Welcome to WaveCenter
The Key: Investor Mindset
I believe I’ve isolated the single entrenched mindset that currently holds society locked in the grips of GameA Capitalism and prevents a transition to a new and improved GameB ecosystem.
Changing this mistaken mindset among a critical mass of people is the key to releasing the latent energy of this movement which has been quietly developing for decades.
To illustrate this mindset in action, let’s consider the typical startup cycle. Someone has a great idea and gets a few people together to develop a prototype or MVP and some pitch material. Maybe they raise money from their friends and family to get through this period, or they do it in their spare time.
Either way, the next stop is angel investors for funds to build out the product, build a team and get some sales and marketing traction. Then, if everything is humming along and their business is looking lucrative enough, the VCs will come in with massive capital to scale up and push it out to an exit strategy like an acquisition or an IPO.
Once the business is profitable and has a healthy market cap, a handful of founders and the financiers walk away with the lion’s share of the wealth gains, while the people employed by the company (who actually built the company and make it work) end up with jobs that keeps them afloat and hopefully lead to bigger and better jobs in the future.
This fundamental model at the root of the incumbent GameA system has one hidden assumption that everyone takes for granted: Capital precedes labor.

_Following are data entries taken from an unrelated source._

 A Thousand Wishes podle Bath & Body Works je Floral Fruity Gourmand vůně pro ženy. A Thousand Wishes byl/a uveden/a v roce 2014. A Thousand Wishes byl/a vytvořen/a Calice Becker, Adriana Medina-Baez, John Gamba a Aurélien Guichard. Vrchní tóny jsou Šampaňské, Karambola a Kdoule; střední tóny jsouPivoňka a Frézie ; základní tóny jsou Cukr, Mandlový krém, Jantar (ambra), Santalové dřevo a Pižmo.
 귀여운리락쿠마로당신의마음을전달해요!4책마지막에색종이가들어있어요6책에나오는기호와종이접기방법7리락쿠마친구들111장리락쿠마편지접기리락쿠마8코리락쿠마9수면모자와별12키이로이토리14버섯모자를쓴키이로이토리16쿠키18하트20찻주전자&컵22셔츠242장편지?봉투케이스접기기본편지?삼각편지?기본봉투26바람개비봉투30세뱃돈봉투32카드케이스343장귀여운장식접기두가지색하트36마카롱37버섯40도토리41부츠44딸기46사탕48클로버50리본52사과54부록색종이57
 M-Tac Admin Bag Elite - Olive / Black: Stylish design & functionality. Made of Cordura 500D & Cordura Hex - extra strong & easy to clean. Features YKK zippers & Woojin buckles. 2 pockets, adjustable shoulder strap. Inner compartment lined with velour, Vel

While startup founders and mom-and-pop shop owners invest massive amounts of time just to get their ‘babies’ to viability, that’s not what I mean by ‘labor’.
I’m talking about the people who have to do the complicated, repetitive, frustrating work of actually making a business go. Those people don’t invest their time. They get put on the payroll and get direct deposits every other Friday like clockwork.

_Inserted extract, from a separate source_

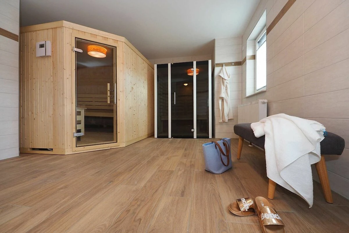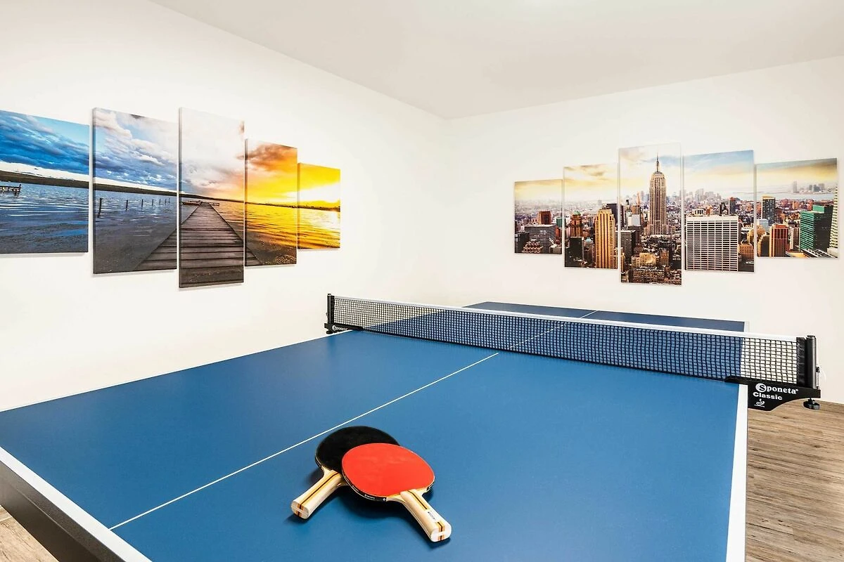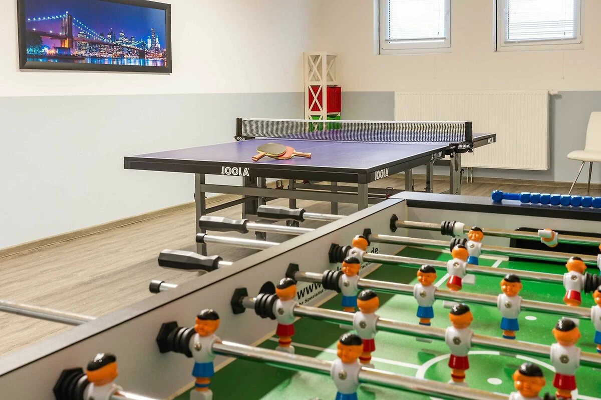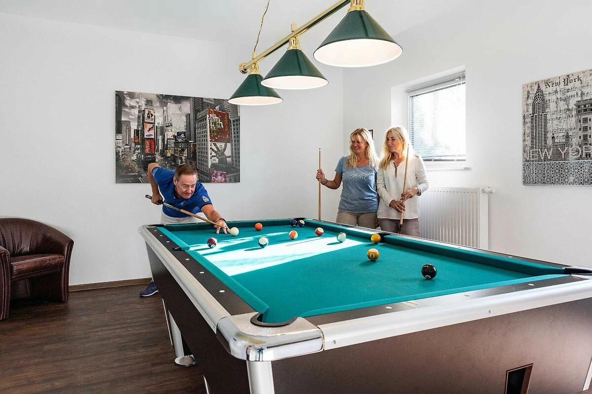 Im Basement der Häuser 1 und 2 befindet sich auf 365 m² ein weiterer Freizeit-, Fitness- und Wellnessbereich mit mehreren Saunen, Fitness-, Massage- und Aufenthaltsraum, Spielzimmer für Kleinkinder, Billard und Kicker, der Ihnen kostenlos zur Verfügung steht und die Interessen jeden Alters berücksichtigt.

So if you want to build a business that requires the focused attention of a large number of people, conventional wisdom holds that the main way to do it is to raise enough funding to pay people to focus their attention on your project long enough to get it off the ground.
Consider the alternative — that a large group of people all work for no cash, but only for stock in the company. It’s a ridiculous notion, right?

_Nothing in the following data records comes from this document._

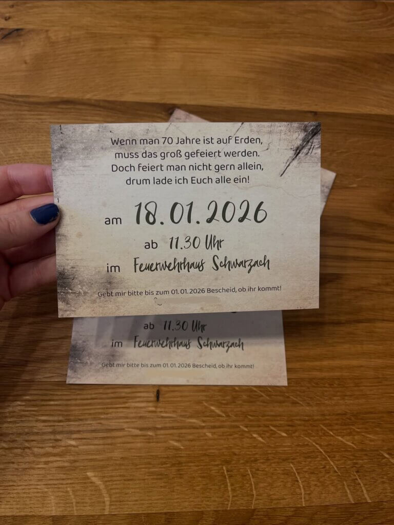 Auf der Rückseite befinden sich klar und gut leserlich alle wichtigen Infos zur Feier 👀
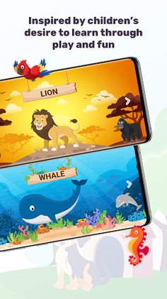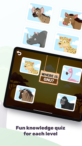 App includes animals from all over the world, which are divided into levels depending on the habitat in which those animals live in. In addition to getting to know the animals, each level also has a fun knowledge quiz, where the child has to guess where the requested animal is through audio-visual cognition. The application is specially made for children aged 2+ and is the perfect choice for modern, fun and smart learning of a child.
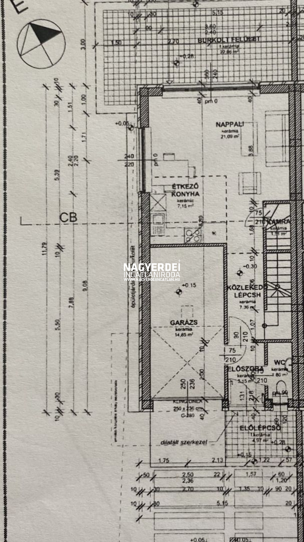 - Földszint: előszoba, wc-mosdóval, amerikaikonyha - nappali, spájz, 30 m2-es kertkapcsolatos terasz, amely pergolával és elektromos, belátás elleni rolettával felszerelt, valamint egy 16 m2-es garázs található,

So everyone agrees and assumes that the way to start a business is:
Step 1: Raise capital investment
Step 2: Use that investment to hire people to do the work
That’s just the way it is. Capital is necessary to launch substantial businesses, so capitalists continue to control the game.
What’s lost in all this is that what is actually building the company is the people. That’s where the real value is — in their focused, coordinated attention to solving problems and building something together.
Capital is just the instrument that allows the entrepreneur to harness people’s attention, like a lens focusing light on a single point.
But what if there was a way to focus people’s attention other than cash on the barrelhead? What if there was a way to allow people to invest their time in the form of focused attention and collaborative efforts en masse?
If a critical mass of people focused their time and attention in a coordinated fashion on developing a project together without the expectation of compensation in the short-term, there’s no reason they couldn’t build a product just as cool and robust as VC-backed companies.
In fact, they would probably be even more efficient and creative considering that they have skin in the game and huge upside potential if they succeed.
The dynamic at the heart of WaveCenter is the ability to allow people to invest a modest amount of time into the project in a highly structured way (think crowdsourcing) and earn ownership in the organization based on their contributions.
It’s actually pretty simple: Provide a way for large numbers of people to safely invest reasonable amounts of sweat equity into a project and cut out the financial middlemen.
Unless we find a way to accomplish this, there is no way out of the GameA matrix.